Supongamos que usted es como sus Aurelianos, que todavía nos quedan 16 y que uno de estos Gabrieles, con todo y la cruz de ceniza indeleble en la frente, como la lleva todo mundo, haciendo parte de los irreductibles destinos funestos, puede leer estas letras. Le cuento, entonces, que las putas que todavía tienen memoria quedaron bastante tristes por la terrible noticia de su ida.

Estaba yo en una terminal de transporte, preparándome para el paseo habitual de Semana Santa, cuando vi la noticia en una de esas pantallas grandes de televisión, que distraen a la gente que espera los buses que abordarán para ese tipo de viajes diferentes al que usted empezó a eso de las dos de la tarde, según decía el noticiero. No sé si sea bueno contarle cómo no eran todos los que se detenían a leer el titular que ponía “Urgente: Murió Gabriel García Márquez”, y que pocos de los que lo veían se lamentaban unos minutos y seguían andando, mientras que yo me desentendía del viaje y empezaba a experimentar un estremecimiento, una pena, una absurda parodia por creerme allegado suyo, lo que fue permitido por aquel acercamiento del mundo con usted a través de sus buenas letras, ésas que nunca me fueron suficientes -ni siquiera porque lo he leído de forma austera- para decirle “Gabo”.

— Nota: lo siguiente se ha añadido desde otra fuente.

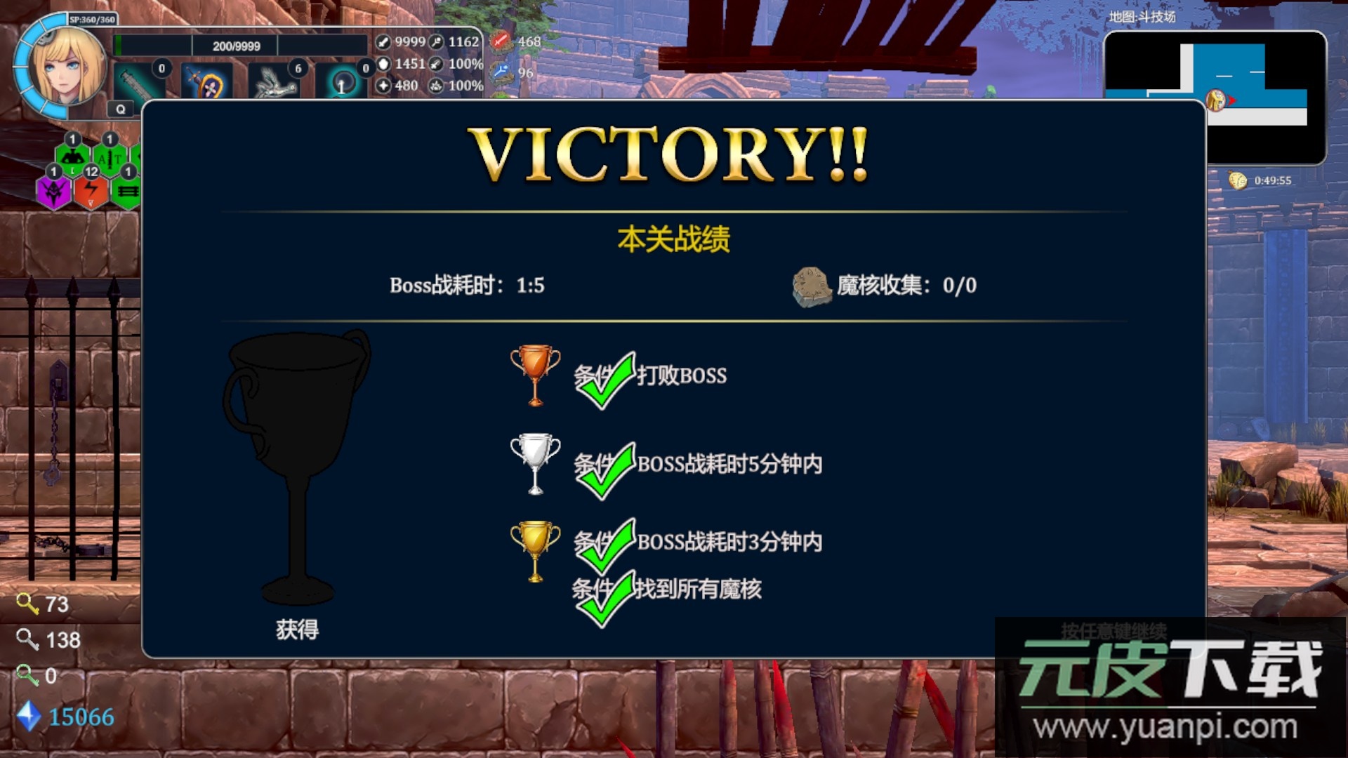 结算画面在59秒时因自动跳过未能截取,只得到1分05秒的截图。但这足以证明27周目能够完成一分钟内击败隐藏BOSS的成就。一周目建议使用剑盾组合,战斗会相对轻松。芯片根据个人需求选择,部分蓝色与绿色芯片在前期作用明显。副武器可携带黑球,即环绕角色的两个球体,另一副武器按喜好搭配。每关有5个魔核,五关共25个,应尽量收集。当你准备挑战高难度或隐藏BOSS时,需有意识地调整装备配置。多周目积累过程中逐步调整即可,不借助修改器则需反复刷取资源。魔核在27周目中基本全部拾取,偶尔为节省时间遗漏个别,影响不大。收集魔核主要为提升攻防属性,地图在不同周目会有细微变化,跑图过程较为繁琐,若个别魔核寻找过于困难可直接放弃。以下是击败隐藏BOSS时的装备与芯片状态:

No sé si es un viaje el que está haciendo o hizo, nadie puede saber qué hay más allá del final, es que ni se sabe si hay algo, pero prefiero pensar así con usted, porque con esto me pasa como a su médico suicida francés, que decía: «Me desconcierta tanto pensar que eso existe, como que no existe”. Me lo imagino, pues, a usted adelantando camino detrás de un montón de mariposas amarillas que lo guían a un mundo extraño y mágico, donde todos los días se sorprenden los habitantes por conocer y volver a conocer el hielo, donde muchos portan pescaditos de oro con un orgullo desconocido pero que no importa, donde se puede ver con mayor claridad la frente para rectificar que ya no hay una cruz, y que pueden pasar cien años sin que uno se inmute, estando si se quiere sentado al pie de un árbol, sin esperar la muerte, sólo escribiendo y notando cómo un pajarito llega al final y se posa en la mitad del lugar, cuando quizá todos se han ido por los rumores de que arribó, a ese sitio que preferí llamar Macondo, un verdadero Coronel que sí tenía quien le escribiese.

El mundo te despide Gabo, y disculpa que te tutee, compadre, amigo de todos, pero tenía que hacerlo por la resistencia a ese mundo que se movía en aquella terminal ignorando, a consciencia, que te habías ido, y que yo me retorcía y se me paraban los pelos y se me humedecían los ojos porque, aunque sé que te conocí, nunca logré hacerlo en serio.

Ahora todos seremos de allá, o acá, o donde tu cuerpo repose, porque uno no es de ninguna parte mientras no tenga un muerto bajo la tierra, como nos dijiste un día, ¿verdad?

Te echaremos de menos. Adiós y siempre gracias, Grabriel García Márquez.